Тернер, казалось, не слышал его. Он смотрел на полицейских, стоявших вдоль дорожки на равном расстоянии друг от друга. Один из них обнаружил лодку, пришвартованную к берегу, и поигрывал со шкотом, крутя его, как веревку, через которую прыгают дети.
— В Лондоне нас все время спрашивают: кто его поддерживает? Откуда он получает деньги? Дайте определение, дайте характеристику. Ну, что я могу им сказать? «Человек улицы, — написал я однажды, — в классовом отношении труднее всего поддающийся определению». Они обожают такие ответы, и все обстоит хорошо, пока дело не доходит до Управления по исследованию международных проблем. «Он — из разочарованных, — сказал я как-то, — из сирот, оставшихся после покойной демократии, жертва, не нашедшая себе применения при коалиционном правительстве. Социалисты, считающие, что их продали красным; люди, считающие ниже своего достоинства голосовать, — все это Карфельд». Как охарактеризовать умонастроение? До чего ж они у нас там, в Англии, тупы!

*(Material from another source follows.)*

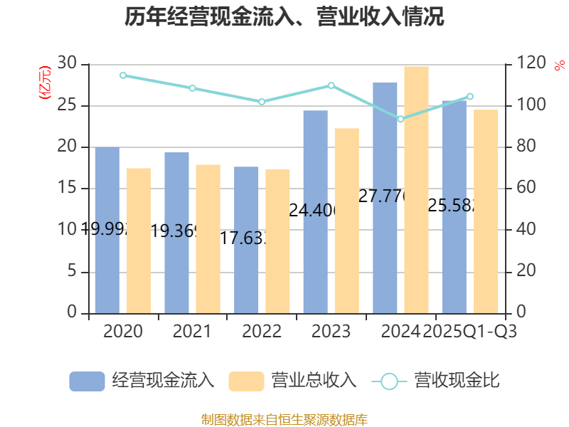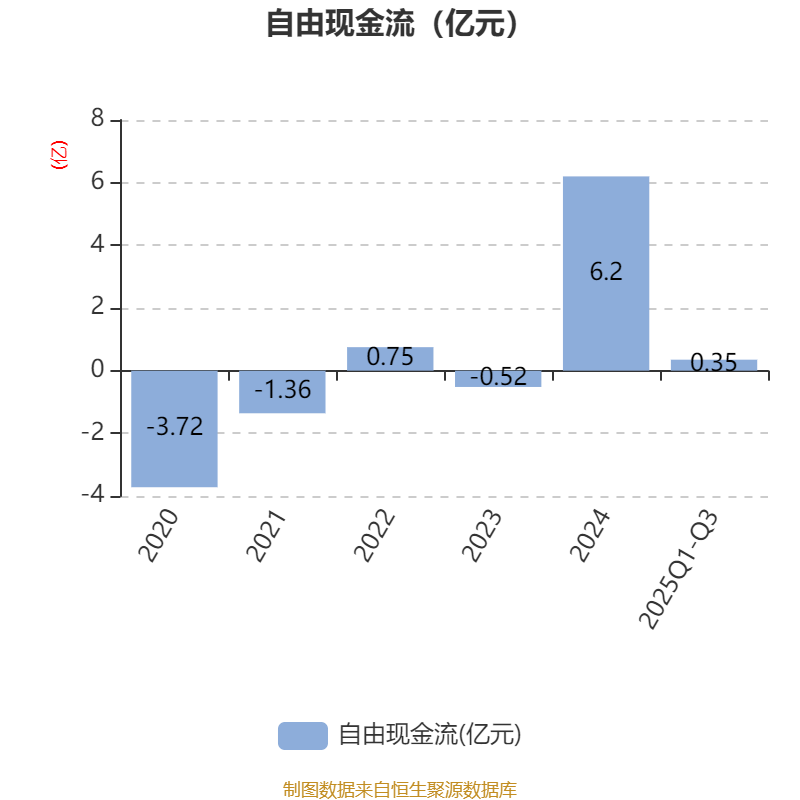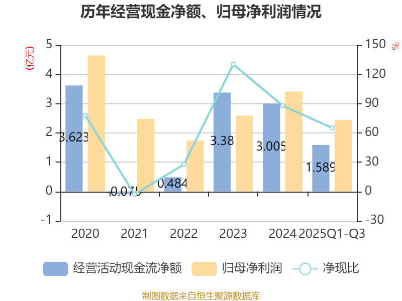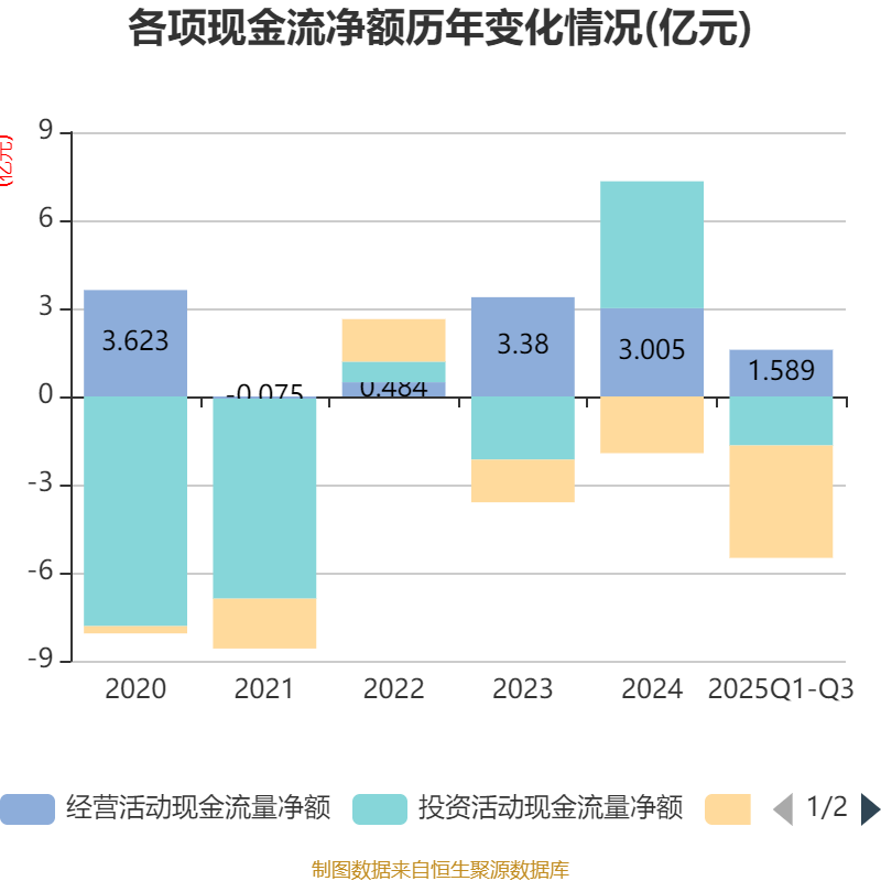 2025年前三季度,公司经营活动现金流净额为1.59亿元,同比增长132.19%;筹资活动现金流净额-3.83亿元,同比减少2.95亿元;投资活动现金流净额-1.67亿元,上年同期为2.94亿元。

Мы теперь больше не получаем инструкций — одни вопросы. Я как-то сказал им: «Ну, конечно, у нас в Англии есть такое же явление. Это сейчас всеобщее поветрие». Никто не считает, что в Париже готовится заговор против всего мира. Почему же мы ищем его здесь? Умонастроения… невежество… скука. — Он облокотился на стул, — Вы когда-нибудь голосовали? Уверен, что да. Ну и что? Вы почувствовали в себе перемену? Будто прослушали мессу? Или ушли с избирательного участка, чужой всем и всему? — Де Лилл проглотил устрицу. — У меня такое ощущение, будто Лондон разбомбили и его больше нет. Может быть, этим все объясняется? А вы — ширма, скрывающая от нас действительность и тем вселяющая в нас бодрость. Возможно, на свете и остался-то всего один лишь Бонн. Страшная мысль. Мир в изгнании! Однако именно такова наша участь. Изгнанники, окруженные изгнанниками.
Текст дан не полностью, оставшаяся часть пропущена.